Soft footsteps approached from the opposite direction. “Hey..” a gentle voice called.

James looked up, and in that moment, he wanted it to be her.

It was just a young girl with shoulder-length brown hair, donning a rather conservative private school uniform. “Are you ok?”

He nodded. He hadn't meant to appear so disappointed, but the girl got the message and moved away.

James took a seat and put his phone in his pocket. He searched around for anyone who resembled the potentially imaginary Laura, but so far he wasn't having much luck. There was a girl across from him talking very loudly on her phone, but her blond hair had black streaks and was crunched up into waves with styling gel. Besides that, she was heavy set and dressed in tight-fitting jeans and a red v-neck t-shirt that did little to conceal her several rolls of fat. She wasn't really ugly, but she did need to lose a few pounds.
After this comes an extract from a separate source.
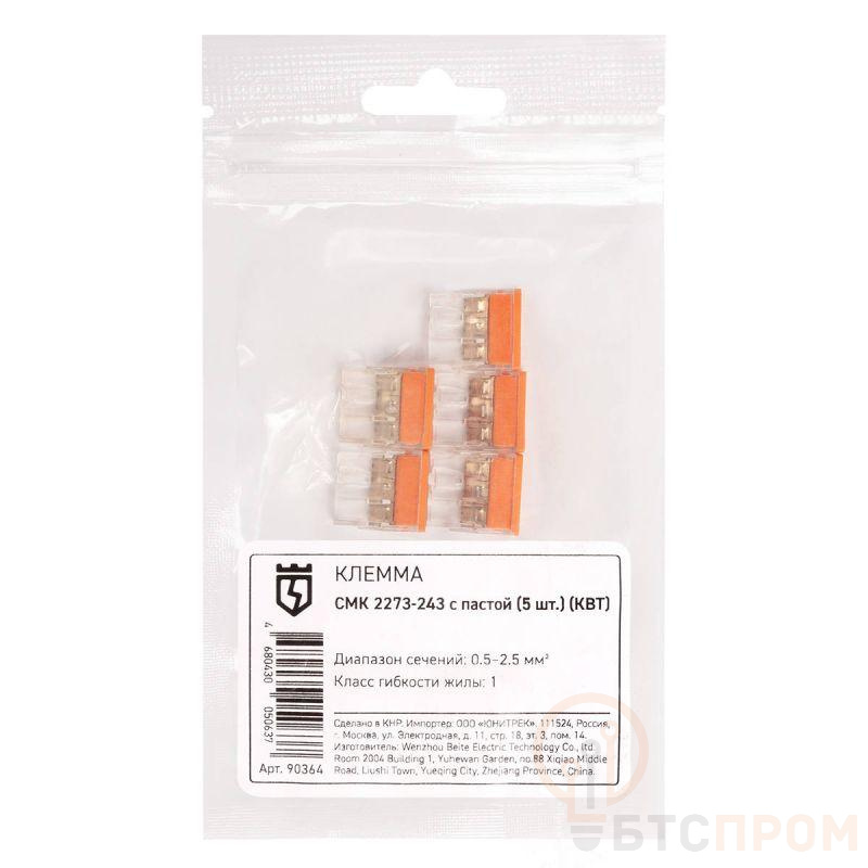Клемма СМК 2273-243 с пастой (уп.5шт) КВТ 90364 фото в каталоге от BTSprom.by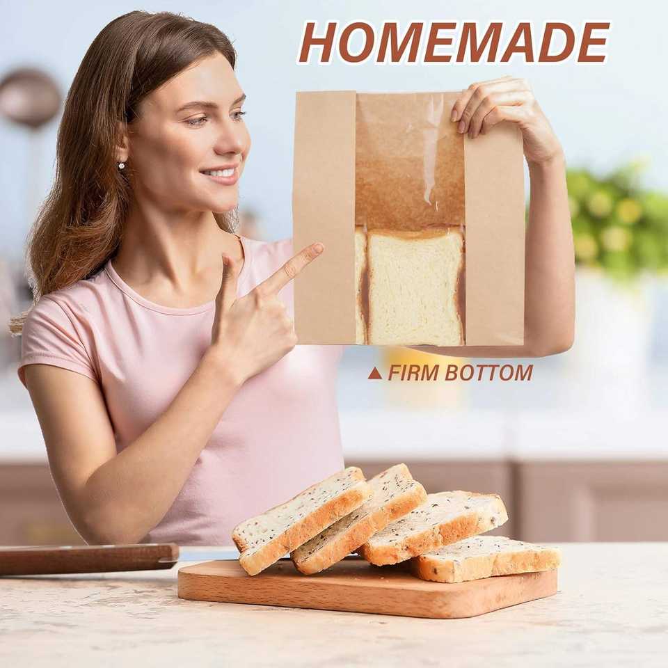 Handmade Embossed Resealable Baking Bags for Breakfast Lunch Kraft Paper Stand Zipper Top Baked Food Storage 35x21x9cm Window

And that's about as close as he got to Laura's evasive apparition.

The same pregnant woman from yesterday entered the car before it took off and grabbed a handle. James stood and tapped her shoulder. “You can have my seat.”

She smiled appreciatively, “Oh, thank you! Which one?”

James turned around and was about to point, but to his ire, someone had already taken his seat. He was about to tell him off but the woman patted him on the back. “It's ok. I'm fine, really.”

He grabbed a handle and sighed. “Well, looks like we're both standing.”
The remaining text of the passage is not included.